Well, the ham is soaked, boiled, roasted (see photo) and - yes we've tasted a piece - that was a couple of hours ago and we're still here to tell the tale! Tastes lovely, but lacks the deep pinky red colour of bought ham or bacon. I'm not too bothered about that - the main thing is we aren't going to be eating all those ghastly chemicals they list on the labels of bacon joints!
We have frozen half the pork joint after the soaking stage (we bought slightly too big a piece) and so we will have some more in the new year. If you want the recipe, it's HERE. Happy Frugal Christmas!
Well, we're nearly there - 5 more days for you to NOT spend your hard-earned cash! So hold your nerve (and your wallet) and think clearly. Don't run out to the shops every 5 minutes like a mad thing and spend another £50 or more! Make a coffee, sit down, take a pen and pad and think calmly about Christmas. What do you need Christmas Eve? Once you've bought/made your presents and wrapped them, and if no-one is visiting, you just need a quick supper, a satsuma or 3, some chocolate and a stiff drink! (With a bit of good telly thrown in!).
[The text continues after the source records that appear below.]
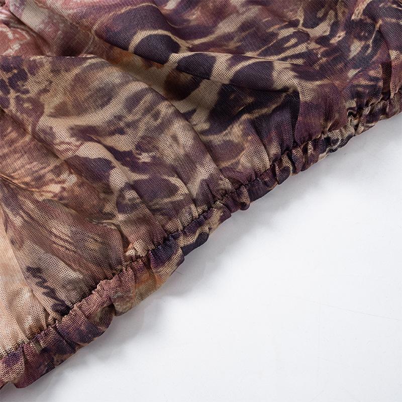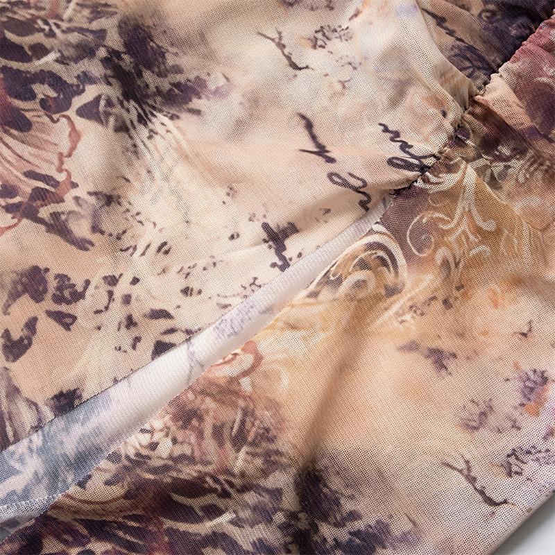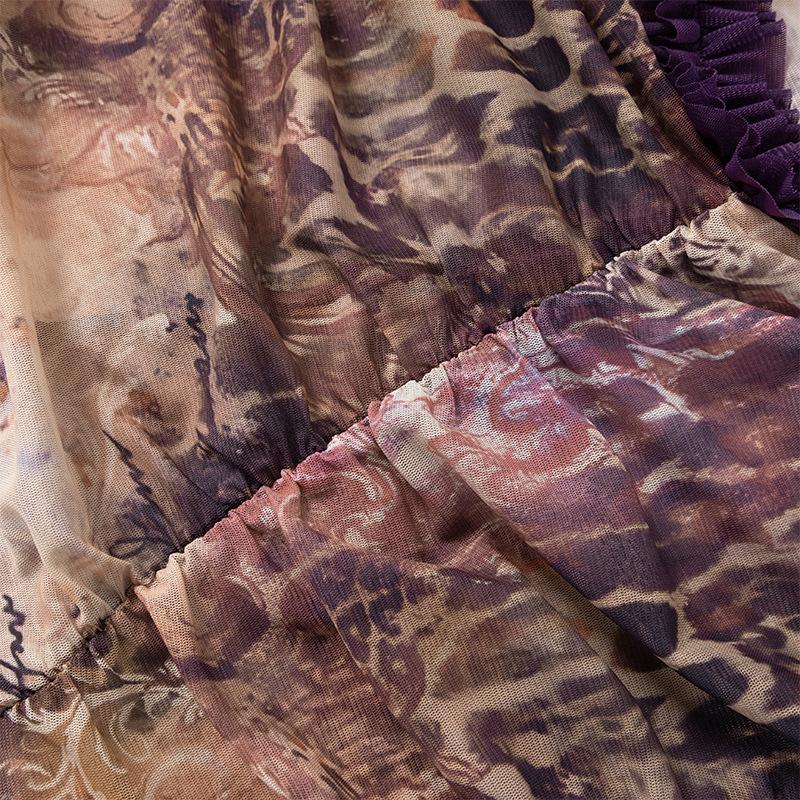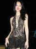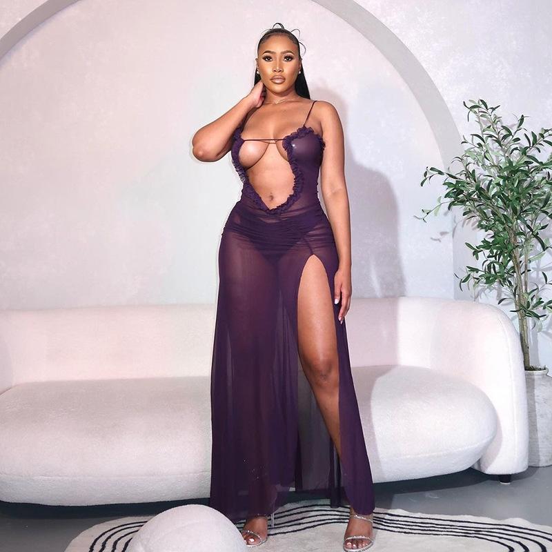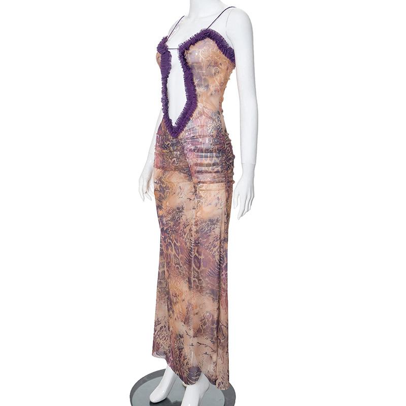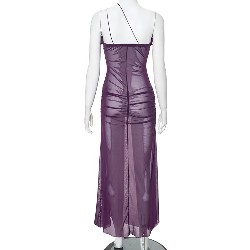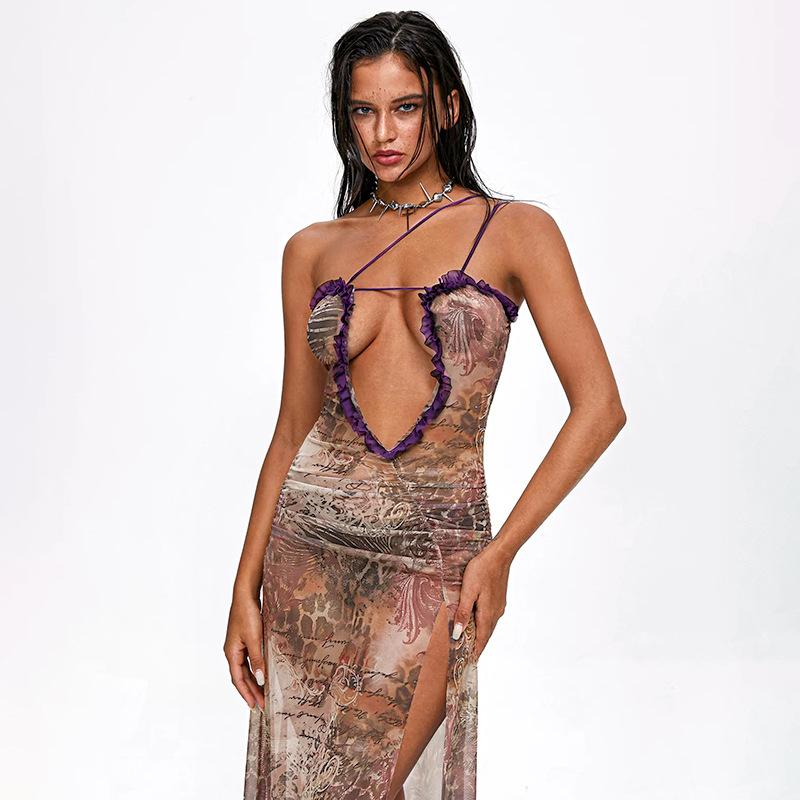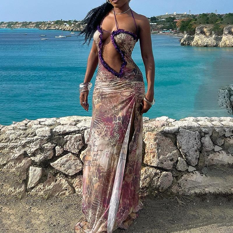 D24Ds055 Europeo y Americano Verano Nuevo Estilo Sin Mangas Tirantes Recorte Plisado Encaje Malla Abertura Vestido Largo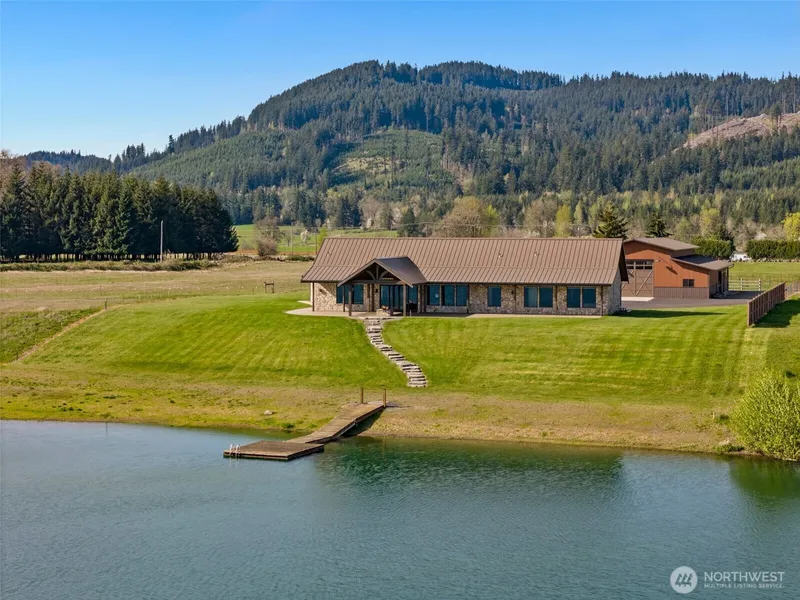 Incredible opportunity to own a private lakefront estate on acreage, offering stunning views, vibrant sunsets, & complete seclusion—all just 25 minutes from Olympia. This custom-built rambler seamlessly blends luxury and comfort w/open concept design, high-end finishes, heated concrete floors, gourmet kitchen, spacious primary suite & sauna room. Step outside to a heated covered patio w/firepit, overlooking the lake and your own private dock. This beautiful property features a 4,500 sq ft shop, gated entry, fenced pastures, & garden area—ideal for animals, hobbies, & recreational use. Enjoy fishing, kayaking, boating, & personal watercraft on Valley Lake, a 100-acre private lake w/ no public access. Luxury lakefront living at its finest!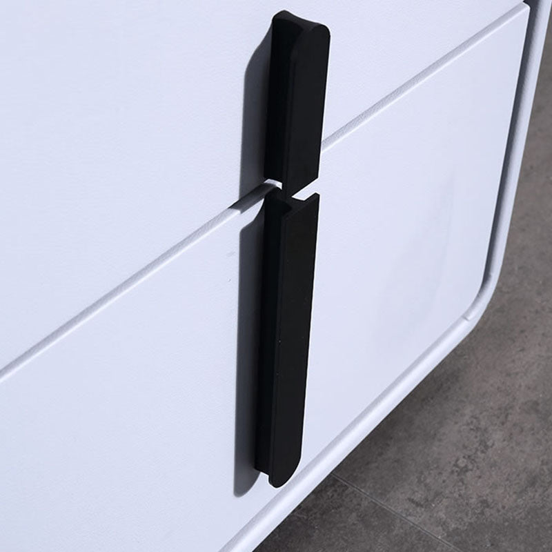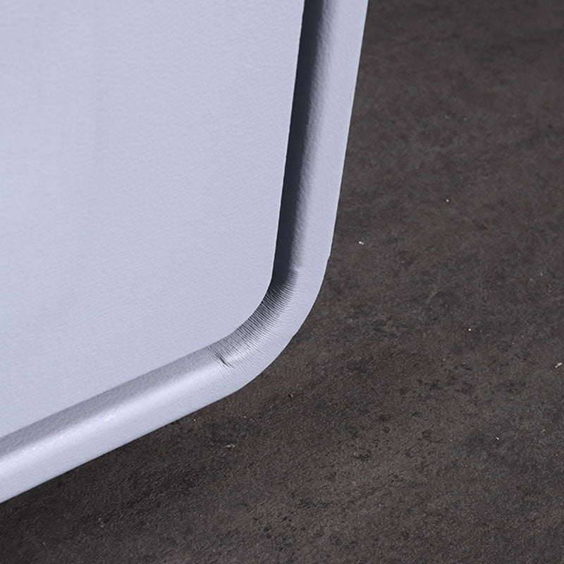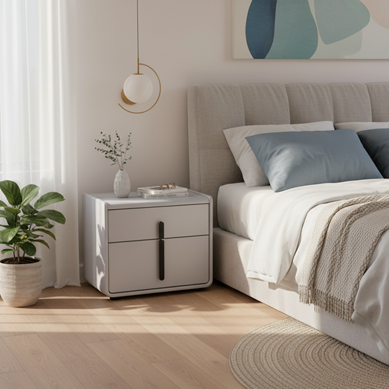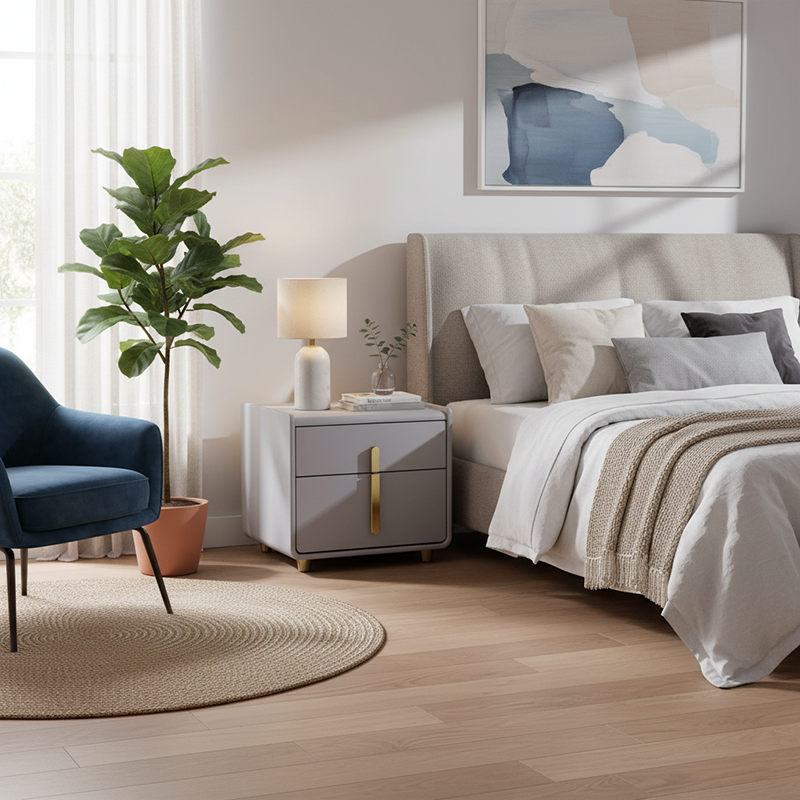 This modern minimalist nightstand blends sleek geometry with soft rounded edges for a refined yet contemporary look. Wrapped in premium faux leather with a light blue-gray finish, it exudes calm sophistication. The veneered plywood frame ensures lasting durability, while gold metal handles and legs add a touch of understated luxury. A perfect fit for modern, Nordic, or minimalist bedrooms.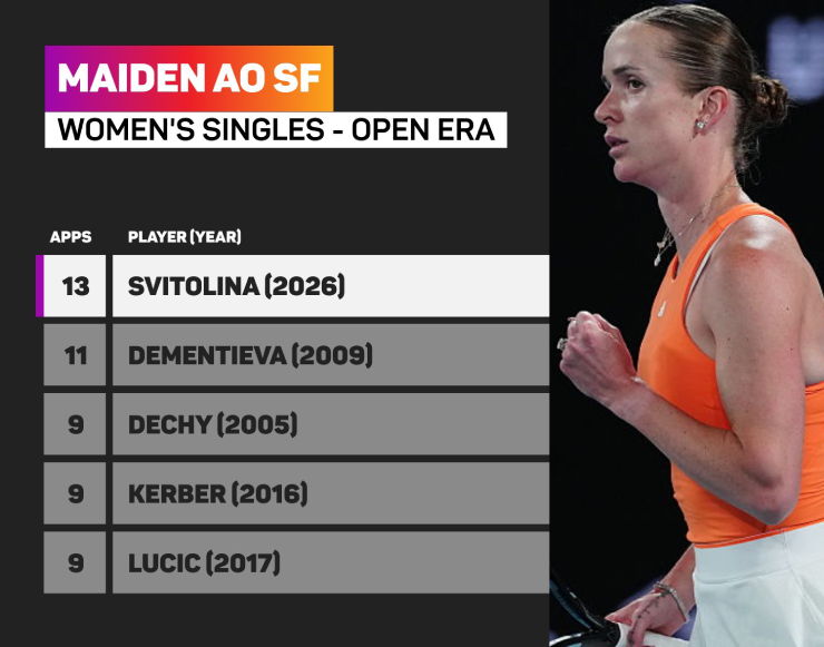 Lần thứ 13 góp mặt chính thức ở Australian Open, Svitolina mới tiến sâu tới vậy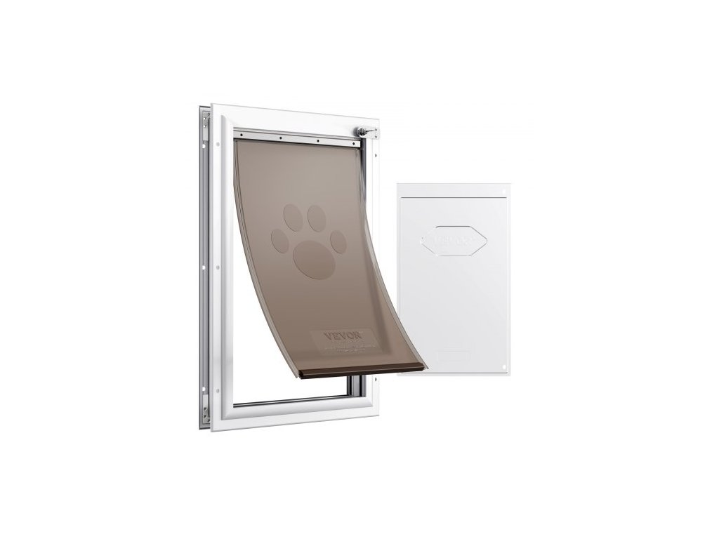 Dvířka pro domácí mazlíčky VEVOR, hliníkový rám 28,3 cm x 41,8 cm se systémem zámku a klapek, vodotěsná dvířka pro psy, snadná instalace do vnitřních i vnějších dveří, dvířka vhodná pro kočky, psy a koťátka (bílá - M)Komplexní ochrana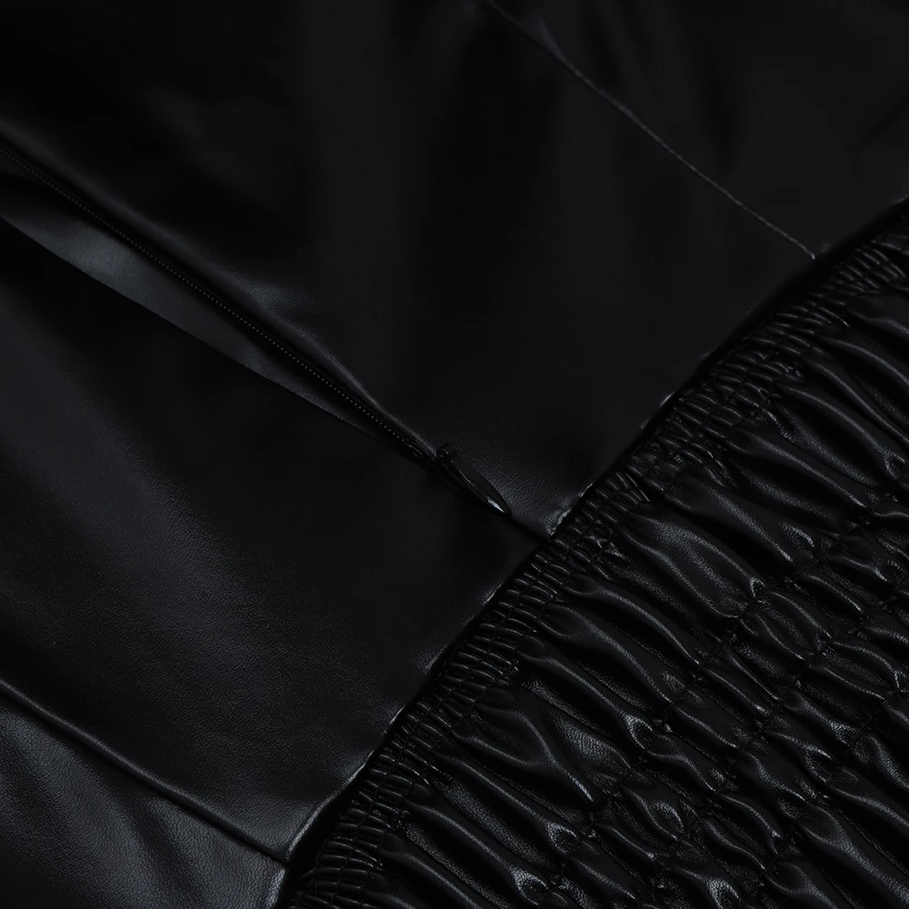 Черное женское платье из искусственной кожи, новинка 2021, модные весенне-осенние Клубные облегающие вечерние платья с длинным рукавом
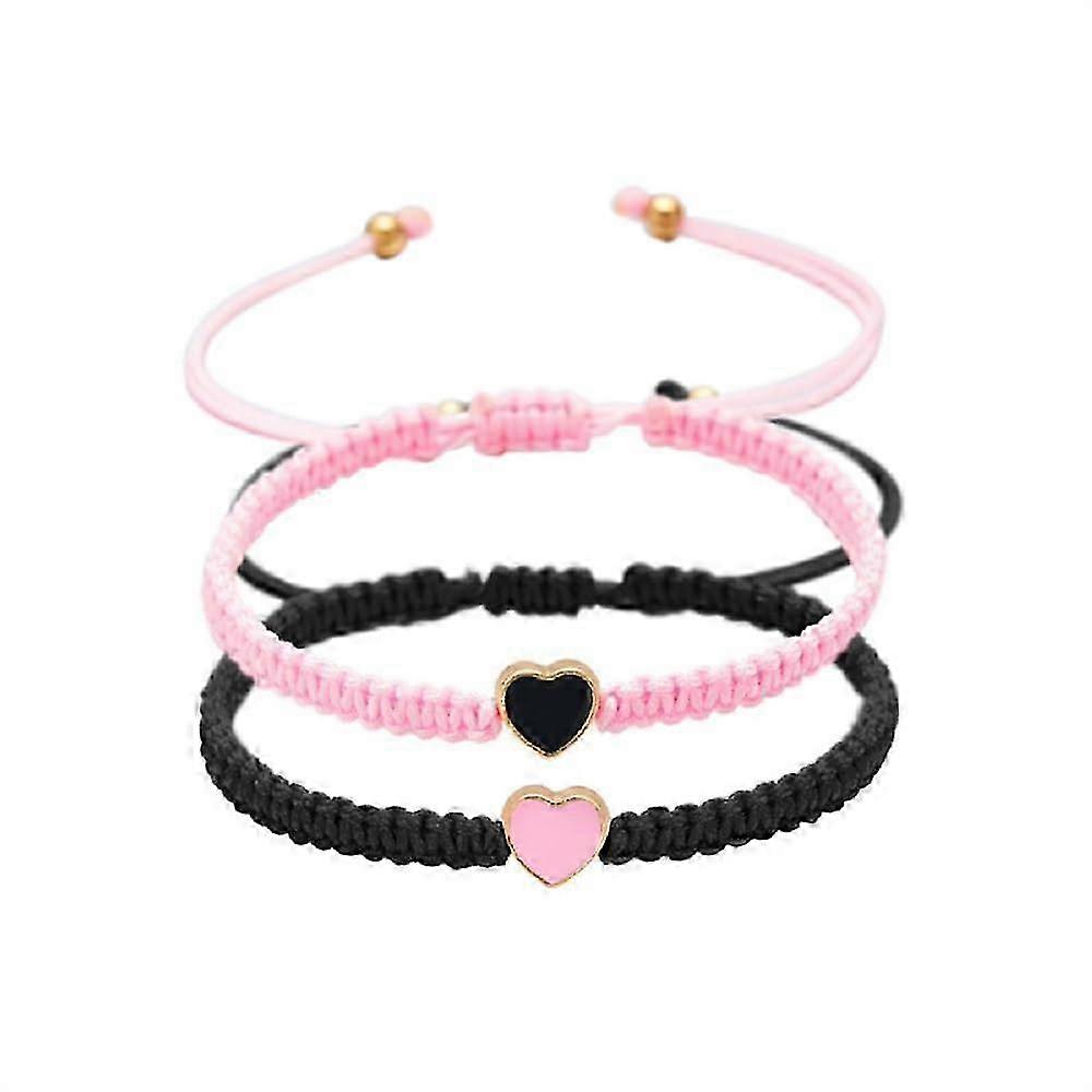 2 Sets Colorful Heart Beaded Matching Bracelets Adjustable for Couples Friendships 2025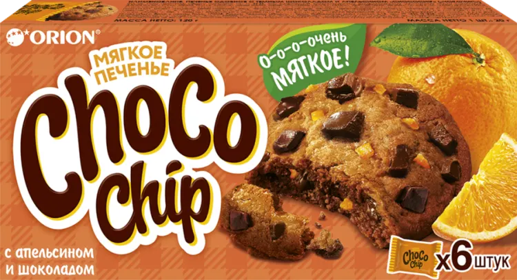 ПЕЧЕНЬЕ СДОБНОЕ С ШОКОЛАДОМ И АПЕЛЬСИНОМ ЧОКОЧИП 120ГР *16ШТ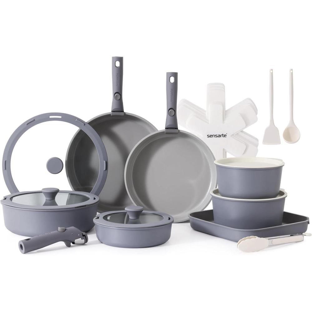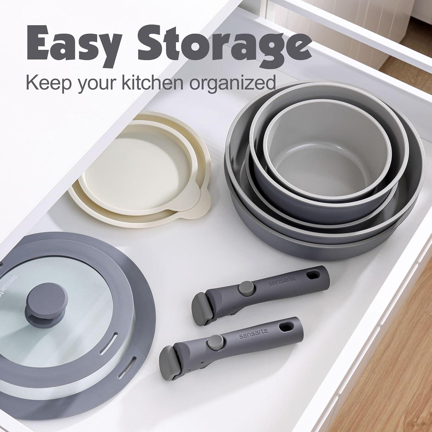 SENSARTE 24 Piece Pots and Pans Set, Nonstick Detachable Handle Cookware, Induction Kitchen Cookware Set with Removable Handle, Healthy Non Stick for RV, Dishwasher & Oven Safe (White)(Gray)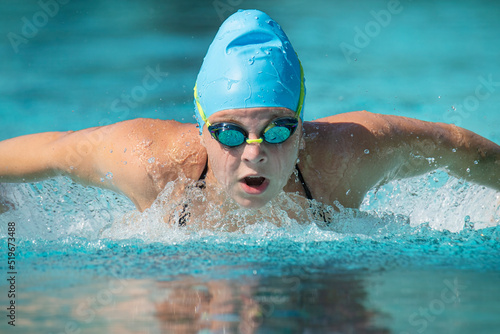 Female teenage swimmer doing butterfly

Of course, you could go down the pub and get legless - but that's not very frugal is it? The shops are really only shut on Christmas day, so mentally check through your menu from Christmas breakfast to bedtime and list what you and your guests will eat and drink. Don't go mad with tea-time food - most people will still be too stuffed from lunch, to eat much in the evening. We are planning a games evening with some guests, with only a few crisps and nibbles and a few cubes of assorted cheeses and savouries. I think I've got enough of those, plus some drinks, nuts and fruit for Boxing Day and leftover Christmas lunch to munch on - and the odd mince pie. Do not buy every expensive "Christmassy" offering in the supermarket, just in case one of your guests may ask for it! If Great Aunt Polly wants walnuts pickled in Madeira wine or whatever, well, that's tough - I'm sure you'll have plenty of other goodies to offer. Look on the bright side - by the time you venture out to the shops on the day after Boxing Day, everything you need will probably be reduced anyway! Happy Frugal Christmas!
Well, I'm in the process of trying this out! It's a recipe from Hugh Fearnley-Whittingstall which uses only salt water (brine) and some spices. Okay, you may say it's not frugal - but when I checked out the huge vacuum packed, chemical laden lumps of gammon in my local supermarket, a piece slightly smaller than mine (with bone in) was over £20. I ordered a half a leg of pork from my butcher, tunnel boned (that means taken out from a hole downwards in order to leave the shape of the leg) and I told him I was going to salt it myself. He looked a little surprised - perhaps it really is very difficult and I just don't know it - yet! Our pork weighs about 4 kilos (and cost £20 but is enough for 2 Christmas dinners!) and so we have to salt it for around 16 days and we have it steeping in its pink (garden) tub in the corner of our cold kitchen! We checked it out today and it doesn't smell rancid yet! We did hit a problem with the amount of brine and our bucket- the recipe says 2 litres and of course the pork must be covered when it is in the bucket - ours wasn't, so we eventually needed to do 5 litres! Our ham is due out the day before Christmas eve, so I'll let you know how it turns out - find out more at Happy Frugal Christmas!
However far you've got with your Christmas shopping, don't be tempted to overspend. Whatever the government says - we, as individuals, cannot spend our way out of recession and if you're anything like me, 2.50% off VAT will not do much to encourage you to buy something you can't afford anyway! Make sure that, whatever the new year has to bring, you do not have a staggering credit card bill to deal with. These are uncertain times and the three Rs (recession, redundancy, repossession) are already being banded about on TV, in the papers and on the radio. We will hear soon whether we are officially in recession - of course we already know the answer to that! But make sure, whatever you do, that you have as little ongoing debt as possible. Dropping interest rates will mean that any savings we have in banks and building societies will earn very little, so decide how much of your "nest egg" you can afford to use (keeping some rainy day money aside if you can!) to beat down your debts - then do it.Buy only what you need, save up for it - an old-fashioned idea, but, nevertheless, a good one and use credit only in an extreme emergency. Spending other people's money always costs us dearly.